A production post-mortem: how an innocent prompt refactor removed a compression step, what the token math looked like in real time, and the guardrails that should have caught it.

On a Tuesday afternoon, our Slack alert fired: API spend was $340 in the last hour. Our daily budget was $200. By the time the on-call engineer pulled up the dashboard, it was $680. The culprit was a prompt refactor that had shipped that morning — a seemingly innocuous change that removed a compression step from our context assembly pipeline.

The refactor was reviewed. It was well-intentioned. It made the code cleaner. And it increased average token count per request from 1,200 to 47,000.

The math that got away from us

Our application retrieved relevant documents from a vector store and assembled them into a context window before calling the LLM. The old pipeline had a compression step: after retrieval, a small summarization call would condense each retrieved chunk to ~200 tokens. The refactor removed this step because it added latency.

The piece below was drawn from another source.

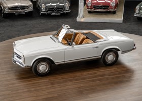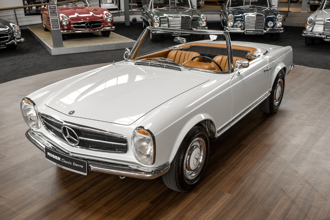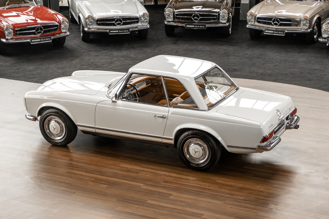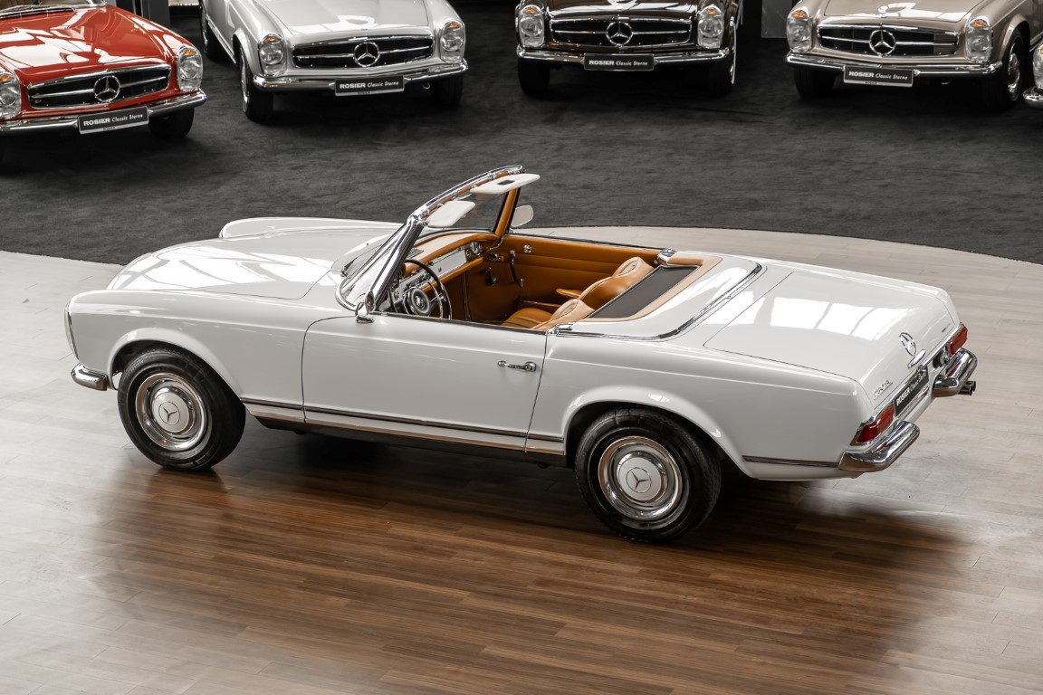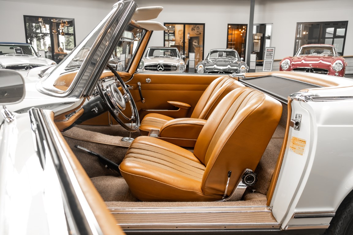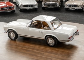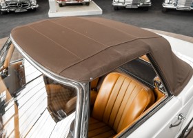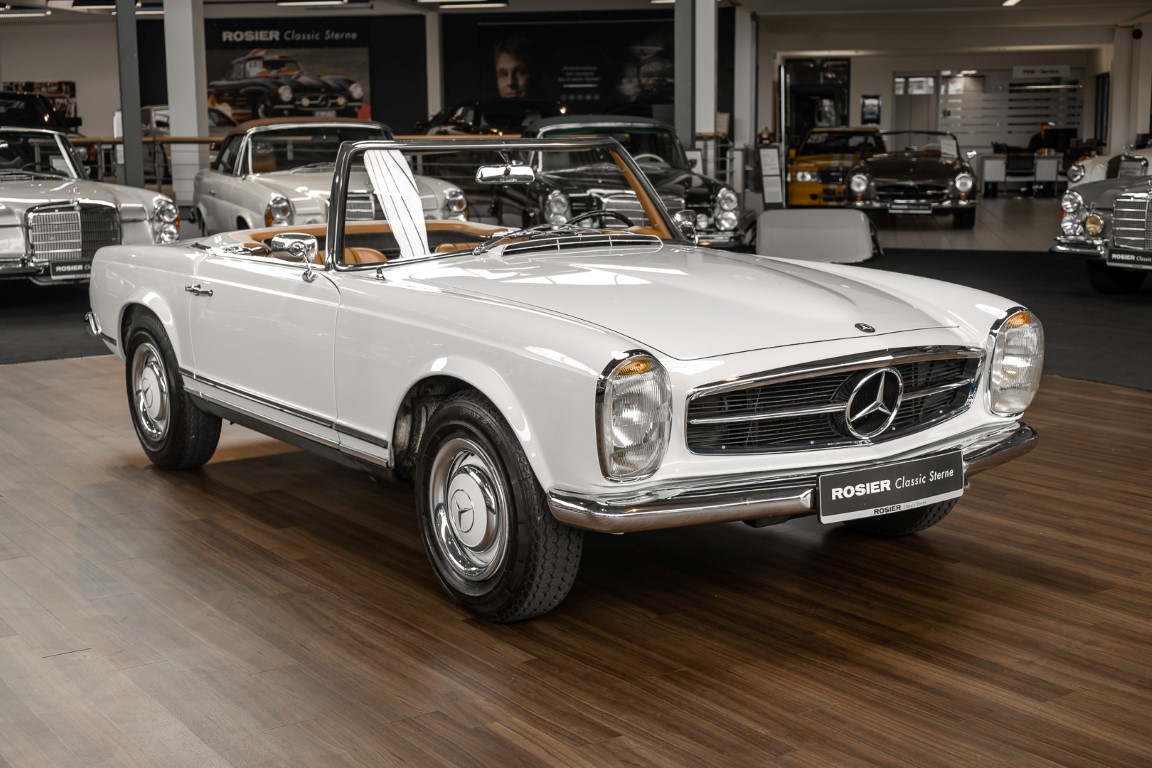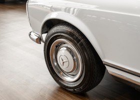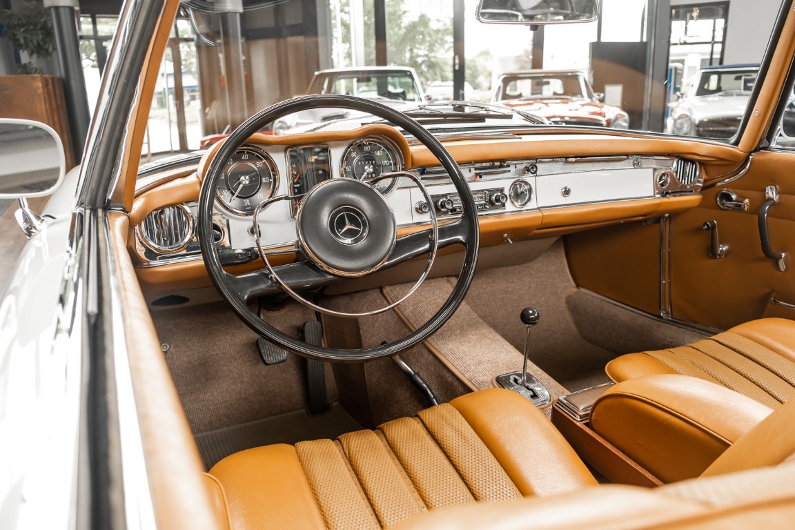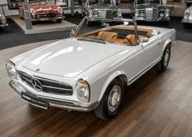 Eine wahrhaft einzigartige 230 SL Pagode können wir Ihnen mit diesem Traumroadster in klassischem Papyrusweiss mit braunem Kunstleder anbieten. Nicht mehr oft wird man eine solch originale und toperhaltene Pagode finden. Dem originalen Kundendienstheft ist zu entnehmen, dass das Fahrzeug am 17.11.1966 an seinen Besitzer in die französische Metropole Paris, genauer gesagt in die Gemeinde Ivry-sur-Seine – etwa 7km südöstlich des Pariser Stadtzentrums, geliefert wurde. Den lückenlosen Einträgen zufolge verblieb das Fahrzeug bis 1978 in Paris. Einträge aus Nizza und Monaco zeugen von ausgiebigen Reisen an die malerische Côte d’Azur, in dessen Umgebung sich dieser Klassiker wohl bestens eingefunden hat.

What we didn't account for: the average retrieved chunk was 3,900 tokens. We retrieved 12 chunks per request. Old pipeline: 12 × 200 = 2,400 tokens of context. New pipeline: 12 × 3,900 = 46,800 tokens of context. At GPT-4's pricing, this was a 39× cost increase per request.

Token count is not a metric most engineers monitor in staging. It should be. A 10% increase in average response quality is invisible in staging; a 40× increase in token count is also invisible until you see the invoice.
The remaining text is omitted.